Accounts Beyond Panama

As a reference to open his account as a client in MF, Tirado submitted in 2007 a series of bank records in Venezuela (Banco Venezolano de Crédito and Banco Canarias) and in other countries (Wachovia in Miami, HSBC and UBS in Zurich).

In addition to the Danish Finansbanken, the Tirado group appears making strong foreign currency deposits at the Berenberg Bank of Switzerland, in the name of company Davenhill Assets S.A. It was registered in January 2007, with Edgar Montserrat as beneficiary. The internal exchange of emails of MF identifies these transactions as part of escrow accounts aimed to pay loan collaterals.

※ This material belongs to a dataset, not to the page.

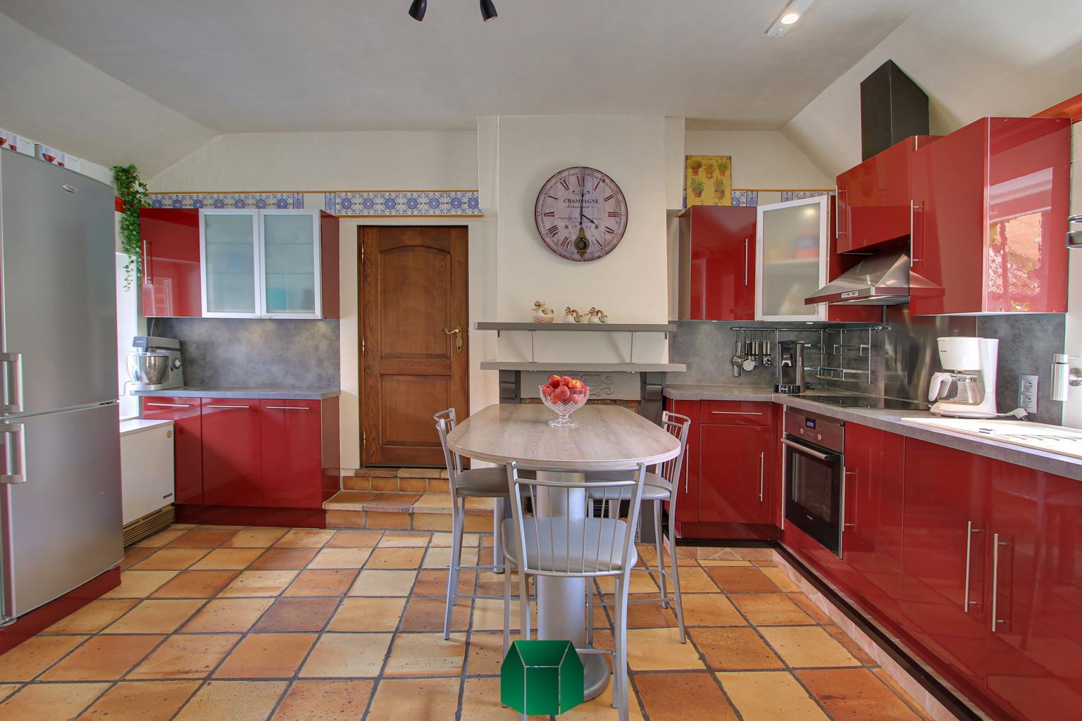 La partie habitation débute sur un hall d’entrée avec un bureau, une salle de bain et une toilette. Elle se prolonge sur un séjour avec insert, une cuisine équipée, une arrière cuisine et une buanderie.

In one of the documents submitted to MF to request to be its client, Tirado said that he "aims to diversify his investments" and that the money to invest "is a part of his life savings".

In September 2010, Tirado apologized to MF for not being able to provide information about some companies that he had in the British Virgin Islands, because he did not have the documents "because of the way we left" from Venezuela, admitting in writing that his departure, even if not irregular, it was at least very hasty.

Tirado companies managed by MF appear to have been declared inactive in 2011. However, in 2013, the law firm was still talking about a debit balance of the former banker with them. Apparently, their reservations to accept him as a client were clear at that time.